Search code examples
hadoophadoop-yarngoogle-cloud-dataproc

Running submitted job sequentially in Google Cloud Dataproc


I created Google Dataproc cluster with 2 workers using n1-standard-4 VMs for master and workers.

I want to submit jobs on a given cluster and all jobs should run sequentially (like on AWS EMR), i.e., if first job is in running state then upcoming job goes to pending state, after completing first job, second job starts running.

I tried with submitting jobs on cluster but it run all jobs in parallel - no jobs went to pending state.

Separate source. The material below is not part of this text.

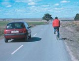 6 .- Usted va a adelantar al ciclista igual que lo hace el conductor del vehículo rojo que se observa en la fotografía. ¿Es correcto?.

Is there any configuration that I can set in Dataproc cluster so all jobs will run sequentially?

Updated following files :

/etc/hadoop/conf/yarn-site.xml

  <property>
      <name>yarn.resourcemanager.scheduler.class</name>
      <value>org.apache.hadoop.yarn.server.resourcemanager.scheduler.fair.FairScheduler</value>
   </property>
   <property>
      <name>yarn.scheduler.fair.user-as-default-queue</name>
      <value>false</value>
   </property>
   <property>
      <name>yarn.scheduler.fair.allocation.file</name>
      <value>/etc/hadoop/conf/fair-scheduler.xml</value>
   </property>

/etc/hadoop/conf/fair-scheduler.xml

<?xml version="1.0" encoding="UTF-8"?>
<allocations>
   <queueMaxAppsDefault>1</queueMaxAppsDefault>
</allocations>

After that restart services using this command systemctl restart hadoop-yarn-resourcemanager the above changes on master node. But still job running in parallel.


Solution

  • Dataproc tries to execute submitted jobs in parallel if resources are available.

    To achieve sequential execution you may want to use some orchestration solution, either Dataproc Workflows or Cloud Composer.

    Alternatively, you may want to configure YARN Fair Scheduler on Dataproc and set queueMaxAppsDefault property to 1.